Но всеохватность романов Бальзака, по мнению Пруста, заключается еще и в том, что помимо жизни духа, рождающей красоту, они несли в себе еще и немалую полезную информацию. «Поскольку, – заметил Пруст, – романы Бальзака относятся к определенной эпохе, показывают нам ее внешнюю обветшалость, с большим умом судят о ее сущности, то когда интерес к самому роману исчерпан, роман начинает новую жизнь в качестве исторического документа, как те части “Энеиды”, что ничего не говорят поэтам, но вдохновляют специалистов по мифологии».
Пруст учился у Бальзака, в частности, создавать вымышленный мир, стоящий вне и над миром обыденным, учился подмечать яркие и характерные черты мира повседневного, где тоже находилось место поэзии. Пруст учился у Бальзака в том числе находить красоту, одухотворенность, уродство, бездуховность представителей аристократии, мир которой, складывающийся из мелких, пестрых, подчас незначительных осколков, выстраивается в объемную и необычайно поэтичную, красочную картину. Точно так же будет вскоре и у Пруста.

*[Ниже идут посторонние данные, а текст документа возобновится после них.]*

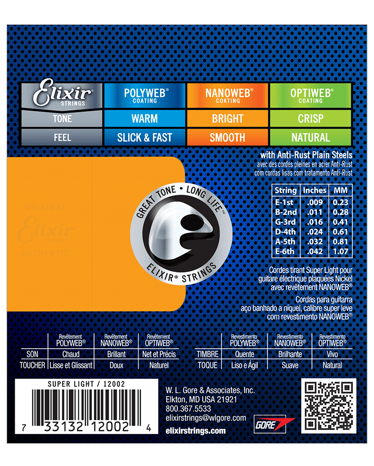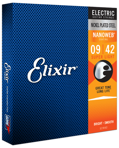 Elixir Electric Nickel Plated Steel Strings with NANOWEB Coating deliver the presence, punch, and personality of traditional electric guitar strings but with extended tone life that players have come to expect from Elixir Strings.
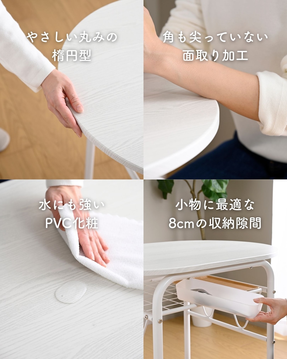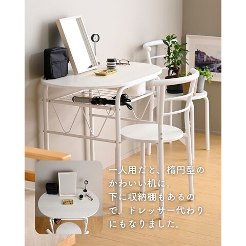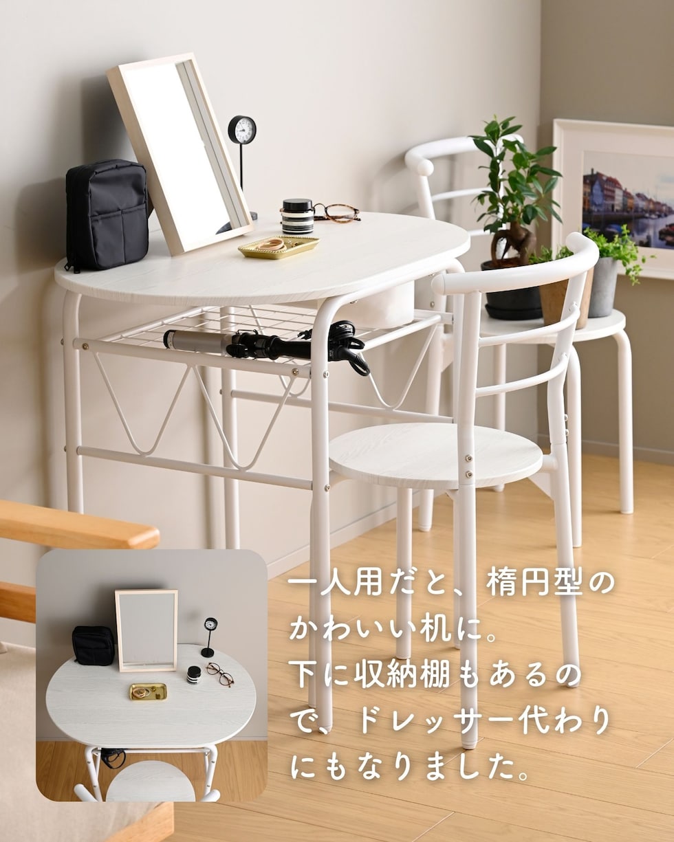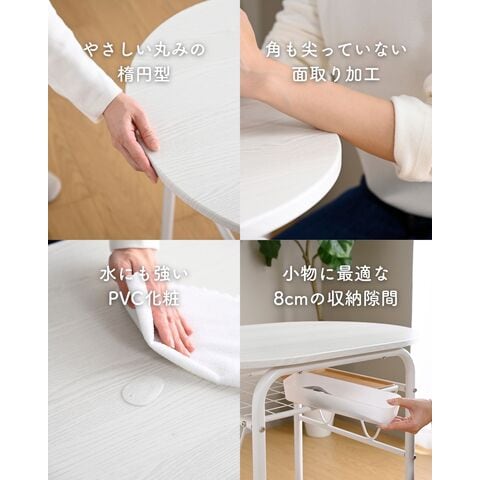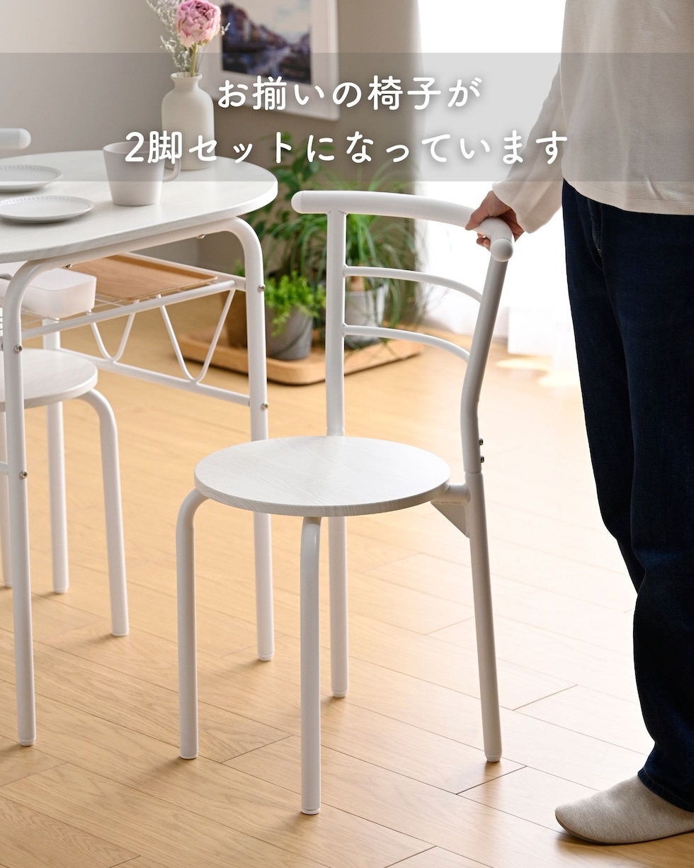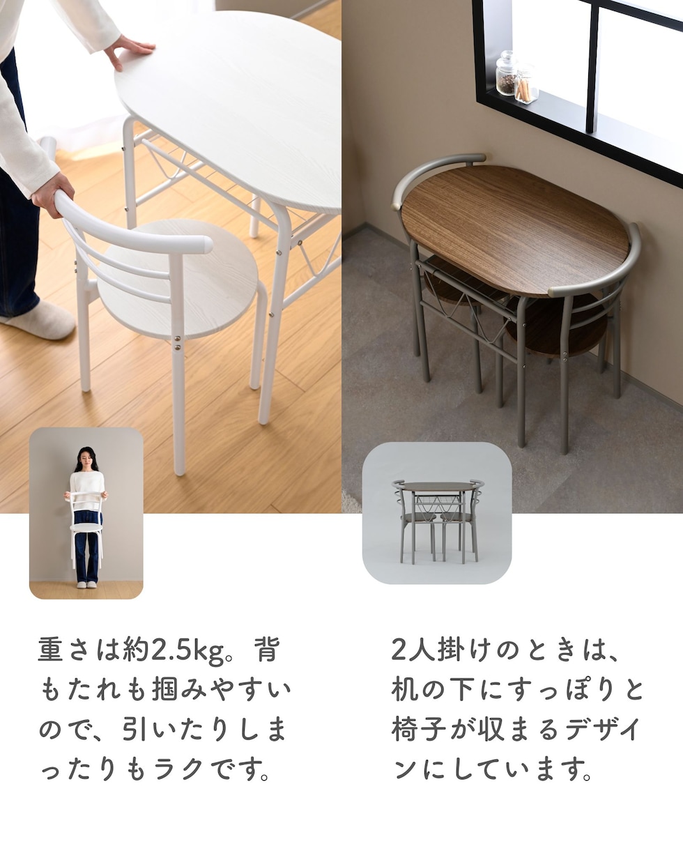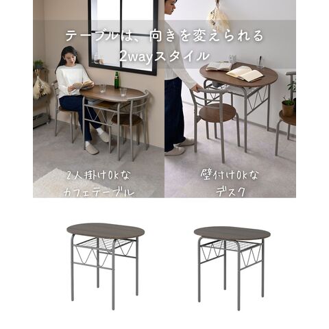 | 商品説明 | ●工具不要(六角レンチ付属) ●一人暮らし、二人暮らし部屋にうれしい、コンパクトなテーブル&チェア3点セット ※2026年3月16日より、旧材をリバイバル販売します。 【変更点】1. 本体サイズ、2. 天板形状が長方形→楕円形、3. テーブル脚が2way式に ▼テーブル ●かわいい楕円形のテーブル ●脚の向きを2通り選択でき、組み替えも可能(六角レンチ付属) ●タテ向きで2人掛けのダイニングに、ヨコ向きで壁付けできるデスクに変身 ●天板の下には網棚が付いて、カトラリーや小物の収納に最適 ●角が丸くやさしい面取り設計 ●付属のチェア2脚をすっぽり収納可能 ●天板は水に強い、木目調の樹脂製シート張り ●天板下スペース: 幅43 高さ69 棚下高さ59cm ●脚部には4か所ともアジャスター付きで、ガタツキを緩和 ●耐荷重: 天板50kg、棚5kg ▼チェア ●背もたれ付きのシンプルなチェア、2脚セット ●スチール製ながら体にフィットしやすいようカーブ形状にした背もたれ ●収納する際も天板に沿って省スペースに格納 ●座面は固いですが、木目調の樹脂製シート張りで水に強く、余ったときはサイドテーブルのように活躍 ●後脚2本にはアジャスター付きでガタツキを緩和 ●荷重の目安: 静止約80kg ●座面高さ: 42cm ●座部直径: 35cm ●背もたれ長さ: 32cm |

А что же Сент-Бев? Пруст окончательно разделался с ним уже в «Поисках утраченного времени», изобразив маститого критика в образе профессора Бришо, одного из непременных посетителей кружка Вердюренов, человека недалекого, кичащегося своей эрудицией и безапелляционного в своих оценках. Не случайно профессор Бришо разражается в романе Пруста длиннющей тирадой о Бальзаке, которую с полным правом можно рассматривать уже не как пастиш, а как пародию на Сент-Бева. «В этом году, насколько мне известно, – начинает Бришо, – на Бальзака такая же мода, как в прошлом году на пессимизм. Но, рискуя огорчить обожателей Бальзака, а с другой стороны отнюдь не претендуя, – Боже упаси, – на роль полицейского в литературе или на роль учителя, ищущего в тетрадях учеников грамматические ошибки, я должен сознаться, что этого многословного импровизатора, сногсшибательные вещания которого вы, как мне кажется, напрасно превозносите до небес, я всегда считал неряшливым писцом – и только. Я читал эти ваши “Утраченные иллюзии”, я себя насиловал, искусственно возбуждал в себе восхищение, чтобы примкнуть к числу поклонников, и должен вам признаться чистосердечно, что эти романы-фельетоны, написанные с таким пафосом, – галиматья в квадрате, в кубе...» («Содом и Гоморра», перевод H. M. Любимова).